One thinks of, in the first instance, of Fifty Shades of Grey by E. L. James and of one or two books by Harold Robbins [my mother read them first!] , in the second-- of my own book, The Sultan’s Boy, in which I wrote an incredible sex scene between Radu and Boris, neither of them over fifteen years old (the book takes place in the middle ages, for Goddess’s sake! They couldn’t have been expected to live much longer than that….

It isn´t long before Isherwood comes up with another truly hilarious scene, between George and his student Kenny at George’s aforementioned favourite gay bar:

‘And now an hour, maybe, has passed. And they are both drunk: Kenny fairly, George very.’

George says, “Just as a matter of the purest psychological interest, why do you persist in calling me sir?”

“Maybe, the point is, I like calling you sir… What’s so phony nowadays is all this familiarity. Pretending there isn’t any difference between people—well, like you were saying this morning about minorities, this morning. If you and I are no different, what do we have to give each other? How can we ever be friends?”

He does understand, George thinks, delighted.

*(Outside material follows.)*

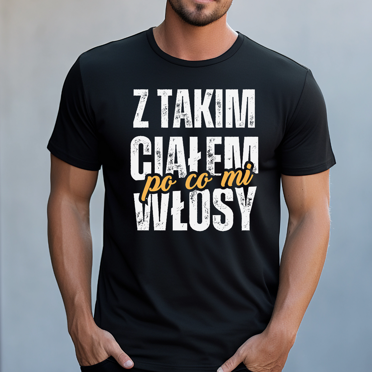 Koszulka męska Z takim ciałem po co mi włosy czarna

“Say, you know—when I came over here—I mean, when I thought I might just happen ro run into you this evening—there was something I wanted to ask you. I just remembered what it was—“ [Kenny] downs the rest of his drink in one long swallow— “it’s about experience. They keep telling, when you’re older, you’ll have experience—and that’s supposed to be so great. What would you say about that, sir? Is it really any use, would you say?”

“Let me tell you something, Kenny. For other people, I can’t speak—but personally I haven’t gotten wise on anything. Certainly, I’ve been through this and that; and when it happens again, I say to myself, Here it is again. But that doesn’t seem to help me. In my opinion, I, personally, have gotten sillier and sillier and sillier—and that’s a fact.”

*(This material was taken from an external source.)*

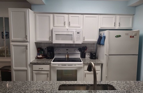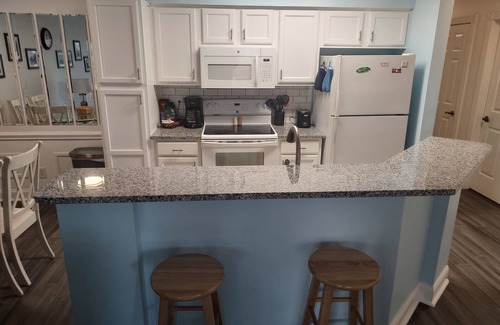 Largest 2 bedroom, 2 bath 1st floor unit (1275sqft) in the complex. Across the street from the Intracoastal Waterway and a short drive to one of the nicest beaches on the east coast (Sunset Beach, NC). Main bedroom has 2 double beds, dresser and a 43" Roku HD TV. The lockout bedroom has 2 double beds, private bath, dresser, 42" Roku HD TV, small fridge, separate air conditioning unit and has it's own separate entrance. Recent updates 1/2025 include new vanity, mirror, lighting & tile flooring in lockout bathroom. New laminate flooring 1/2023, pantry cabinet in kitchen 1/2022. kitchen granite countertops, sink, faucet, tile backsplash & tile floor 1/2020. Full kitchen along with a dining table & 6 new chairs (6/21). In the living room there's a new 65" Roku HD TV (5/24), newer couch, loveseat & recliner (6/21). There's two sliding glass doors to the patio. Just off the patio is a community grill & picnic table. The complex has an indoor and outdoor pool with a indoor hot tub & small workout room. This unit comes completely furnished including bath towels and linens, you only need to bring your beach towels. For your convenience there's Wi-Fi (500Mbps), YouTube TV streaming local & national programming, iron & ironing board and washer & dryer.

“No kidding, sir? You can’t mean that! You mean, sillier than when you were young?”

“Much, much sillier.”…

“Let’s go swimming,” says Kenny abruptly, as if bored by the whole conversation.

“All right.”

Kenny throws his head back and laughs wildly.”Oh—that’s terrific!”

And they pay and run across the highway to the ocean, take their clothes off and leap into the waves.

And you will just have to read the rest of this book yourself. It is available right now at A Page in the Sun Bookshop/Café. I just have two more things to say; the first is, for our Spanish readers, that A SINGLE MAN has been translated into Spanish as Un Hombre Soltero. The second is, to the straight-laced reviewers of this book, if you’re not going to have fun, why ruin other people’s fun?